Illustration: Chen Xia/GT
It has been a while since some in the West began peddling the "China Shock 2.0" narrative, which reflects nothing but anxiety and unease over China's high-tech advancements.
The latest example is a Tuesday article from the Financial Times, headlined "China shock 2.0: the flood of high-tech goods that will change the world," which distorted the accomplishments of China's high-tech sector into a so-called "assault on high-end manufacturing."
The "China Shock 2.0" narrative is essentially an attempt to smear China's development through one-sided narratives. It ignores the very nature of global industrial collaboration and turns a blind eye to the opportunities that China's economic growth has brought to the rest of the world.
There is no denying that China's high-tech industries have achieved remarkable progress in recent years, with exports continuing to rise. In the first quarter of this year, China's exports grew 11.9 percent year-on-year, with mechanical and electrical products accounting for more than 60 percent of the total, customs data showed.
Yet, a crucial fact is often overlooked: intermediate goods make up a large share of China's high-tech exports. In other words, what China exports in large quantities is not finished consumer goods, but components, semi-finished products, and modules. Data showed that, as of 2024, China had been the world's largest exporter of intermediate goods for 12 consecutive years.
These goods enter various countries and regions, where local businesses assemble, process, and integrate them into finished products for consumers. This is the normal state of global industrial division and collaboration. By supplying these intermediate goods, China helps stabilize the industrial chains of importing countries, reduces local manufacturers' procurement costs, and supports downstream production and employment.

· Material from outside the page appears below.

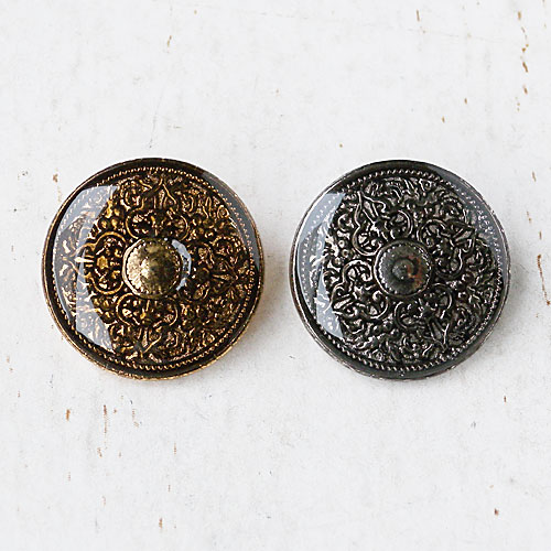 繊細な唐草模様のレリーフを透明エポキシ樹脂でコーティングしたボタンです。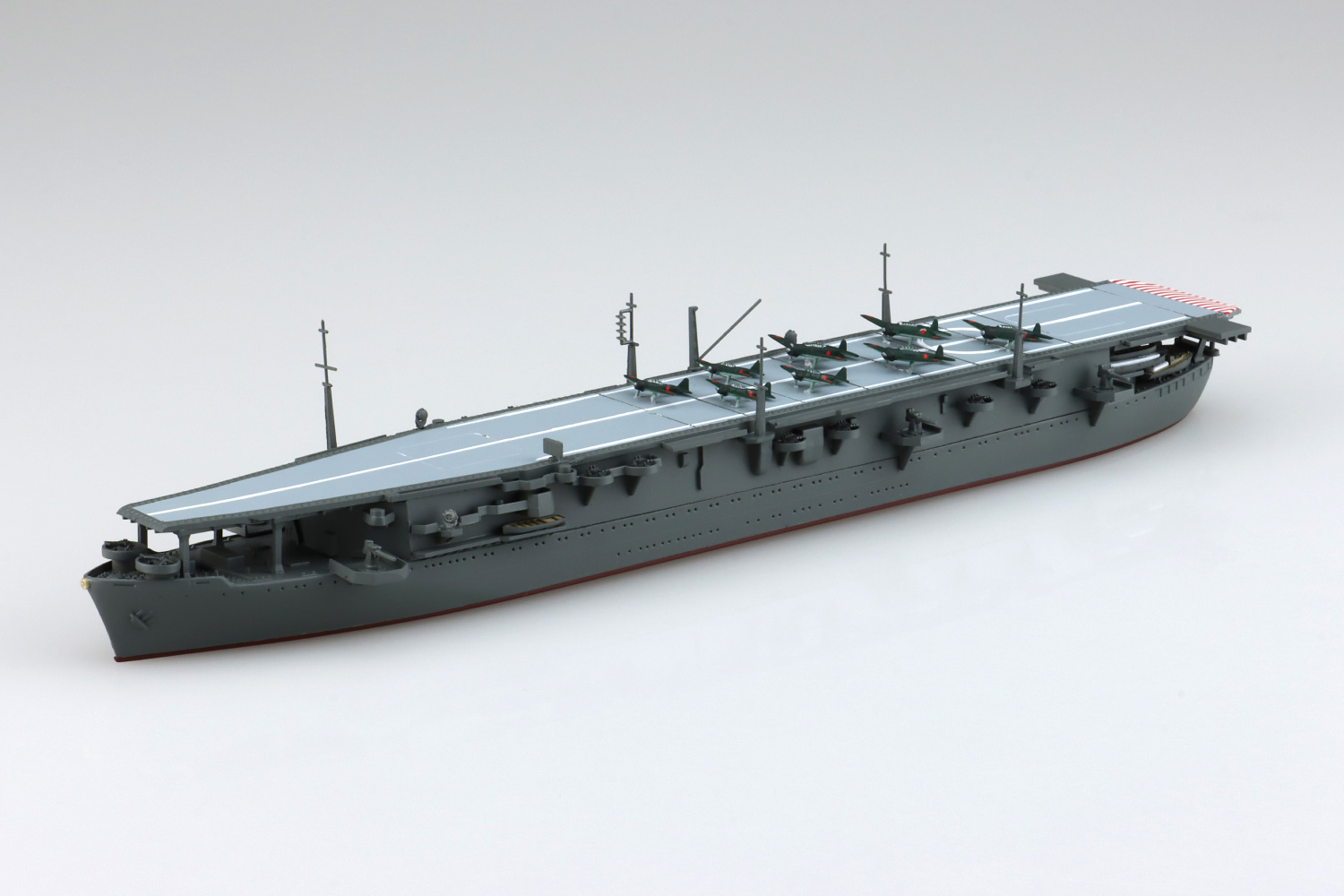 「雲鷹」は初め、日本郵船の客船「八幡丸」として完成しましたが、徴用され商船改造の特設航空母艦として就役しました。海戦での目立った活躍はありませんでしたが、兵員や航空機輸送でラバウルやトラック、東南アジアで活躍し、前線を支えた艦です。本キットは航空母艦「雲鷹」を1/700スケールでプラスチックモデルキット化。要点を抑えたパーツ構成で、シンプルで組み立て易く、かつ的確に再現できます。25㎜三連装機銃など各種艤装を新設計で追加しました。1/700スケールの精密感や緻密さをうまく表現しています。

In May 2025, The Wall Street Journal published an article headlined "The Real Story of the 'China Shock'," which noted that "One study found that a 1 percentage point increase in imports from China led to about a 1.9 percent drop in consumer prices in the US ... US businesses also reaped advantages. Manufacturers who use imported parts or materials benefited from cheaper inputs, making them more competitive globally."
At the same time, China encourages its companies to invest overseas, and companies themselves opt to do so for their development. This process further promotes the coordinated development of global industrial chains. It is misleading to simply refer to such supply chain relations deeply embedded in the global division of labor as a "shock."

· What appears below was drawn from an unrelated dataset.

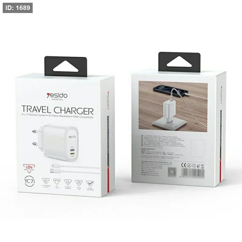 YESIDO YC71 USB-C+USB-L Dual Port Charger 12W Fast Charging Wall Charger Adapter

Moreover, China is not only a major exporter but also a major importer. As its industrial upgrading and technological progress accelerates, China's demand for high-end components, precision instruments, advanced materials, and other key parts is growing. In the first quarter of 2026, China's imports rose by 19.6 percent. Among these, imports of mechanical and electrical products increased by 21.7 percent. A large portion of these imported products are also intermediate goods, providing a vast market space for high-tech suppliers around the world.
Many foreign companies, attracted by the sheer scale of the Chinese market, continue to increase their investments in China and deeply participate in the upgrading of its industrial chains. The very market and opportunities arising from China's high-tech progress further expose the so-called "shock" rhetoric as being fundamentally biased and unfounded.

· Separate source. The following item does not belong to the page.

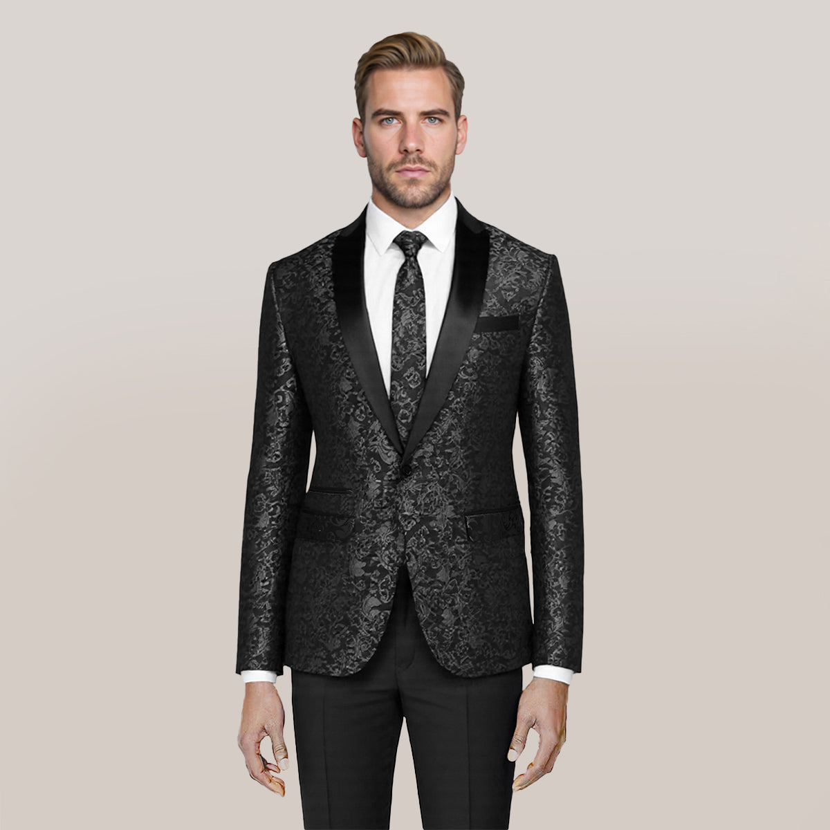 Men's Floral Jacquard Dress Suit Jacket Printed Tux Blazer Black

Furthermore, the "China Shock 2.0" rhetoric ignores the important solutions that China's high-tech development provides to the world, thereby highlighting the prejudice and absurdity of certain anti-China discourse. At a time when conflicts in the Middle East have triggered global concerns over energy security, China's new-energy products offer quality alternatives for countries seeking energy-security solutions. What Western rhetoric calls "China's excess capacity" is in fact a valuable resource for addressing the global green transition and energy crisis.
In this sense, the "China Shock 2.0" claim is untenable because it is built from the very beginning on a false premise - misinterpreting mutually beneficial collaboration in global industrial chains as a zero-sum game, and maliciously framing the positive spillovers of China's high-tech development as a "shock" to others.
But the truth is that China's high-tech industries don't just export - they also import. They don't just compete - they also cooperate. They are changing the world, but the world is also changing them. This has never been about a one-way shock; it's about two-way engagement and co-evolution.
Anyone who stubbornly views Chinese manufacturing as a threat is not only misunderstanding how the global economy works but also risks missing the chance to benefit from the historic process.